Yes, both in clinical trials and duly reported. One was literally an hour or two after the patient was dosed (that is my recollection) so while it had to be reported, it is hard to see how it had anything to do with the drug. That event did engender some discussion about how AEs should be judged when the patient population is so sick anyway.
But that was then....
Thanks, but I'm trying to be a CTO (without much luck).
Good question - with zero in the bank account what do you do? Well, don't forget there is still a revenue stream - small but real. (I am going to assume that pona continues to be sold at some level at least for a while). Are there some milestone payments leftover from rida? (I have not been paying attention - maybe these are all done.)
A private company with a (small) revenue stream, IP, a pipeline, labs & staff should not be difficult to finance privately. A 100:1 reverse split (or whatever) on everyone's stock, recapitalize to whatever amount works (easy to do if you own it all) and there should be folks willing to invest privately.

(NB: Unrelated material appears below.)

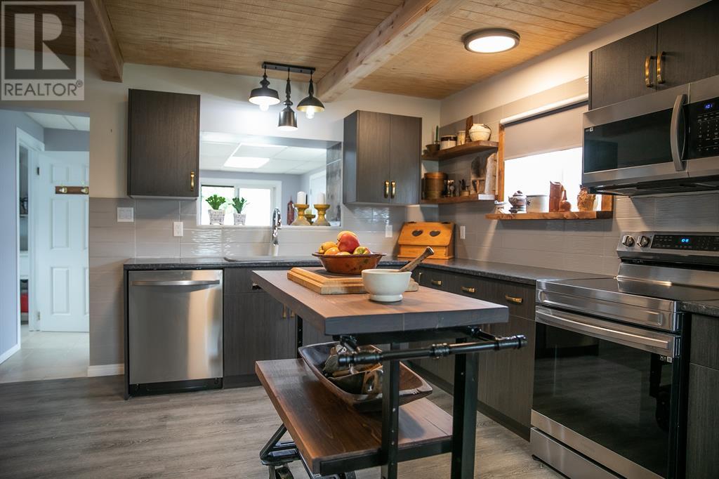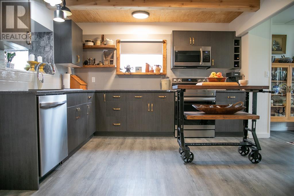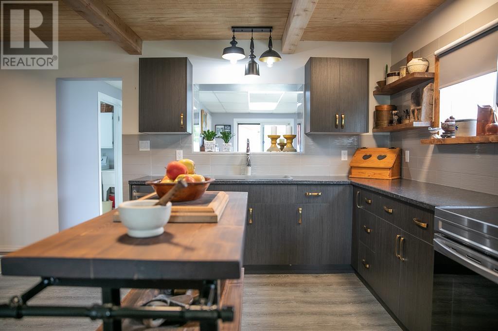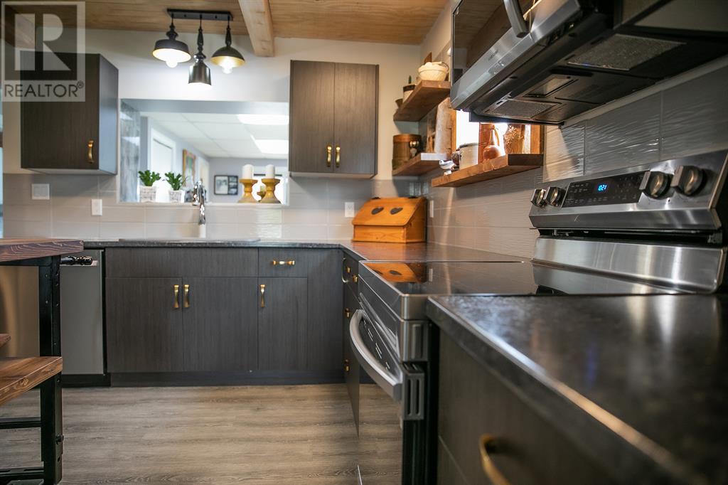 This is a MUST SEE home with character, charm, and the perfect touch of modern style. Immaculately taken care of, the front entrance welcomes you into the living room full of natural light, Canadian Made Ash hardwood and a cozy library overlooking the front yard. Be wow-ed as you step into the newly renovated kitchen featuring custom cabinetry, deep double sink, cedar beamed ceiling, new backsplash, stainless steel appliances with transferable extended warranty and lighting fixtures that bring the dining room and kitchen together so elegantly. Attention to detail and design is evident with matching antique pantry doors and upcycled floating shelves of the original farm house. Continue on to the in-floor heat of the back foyer, large laundry room, 3 piece bathroom with large walk-in rain shower and easy access to the back patio for summer barbeques. Upstairs, you will find 3 excellent sized bedrooms, including the primary bedroom with walk-in closet, the Office/Flex space - also with in-floor heat, and a charming 4 piece bathroom. The basement features another bathroom, utility room, and storage with enough room to add your own personal touch! Outside, the drive through parking pad extends all the way to the back alley for plenty of off-street parking. The backyard is the perfect place for gathering with family and friends – fully fenced and landscaped with fire pit area, multiple patios, an insulated work shop and a shed for even more storage! Close to schools, playgrounds and walking distance to uptown amenities; inside and out, this home has it all! (id:22211)

As for the circling legal vultures? A private company with a valuation of a few hundred million and no cash is not a great target.
Hey, but what do I know? I wasn't smart enough to avoid the situation I am in now!
I have no idea what Tim C, HB, etc or anyone else is thinking, but how about this scenario. Let it drop to about $1 and then take the $150MM cash on hand and buy it all back - taking ARIA private.
if I were mgmt, that would sound good to me as I would get to keep everything. It may not be worth much, but I get to keep it and start again without any of the silliness of the market to distract me.
I don't know you as other than ariafan, but I wish you good health. A lesson learned for me too, about myself. Not a pleasant one, and a bit late in life, but it still counts as an experience in which we were active participants, rather than watching from the sidelines.
All the best.
Agree with both of you - and thanks 2damoon1 for your reply.
BP is not good at finding new drugs; the R&D mechanism has not worked well for some time now and this is widely acknowledged. I will even go so far to say that BP is thrashing about trying to find a better drug discovery model and has not been able to do so; small companies remain the engine of discovery. Period.
I believe a Roche/Gen-type partnership would be better for continuing drug discovery than an outright buyout, but that is an operational detail and would have minimal effect on the dollar value of the overall transaction.
ARIA is a small company, with some revenue, good IP and a pipeline. It is attractive. Putting a deal together will take most of the 3-5 months you project. I figure that is a realistic, if the only, path forward and that MRK is the best suitor at this point.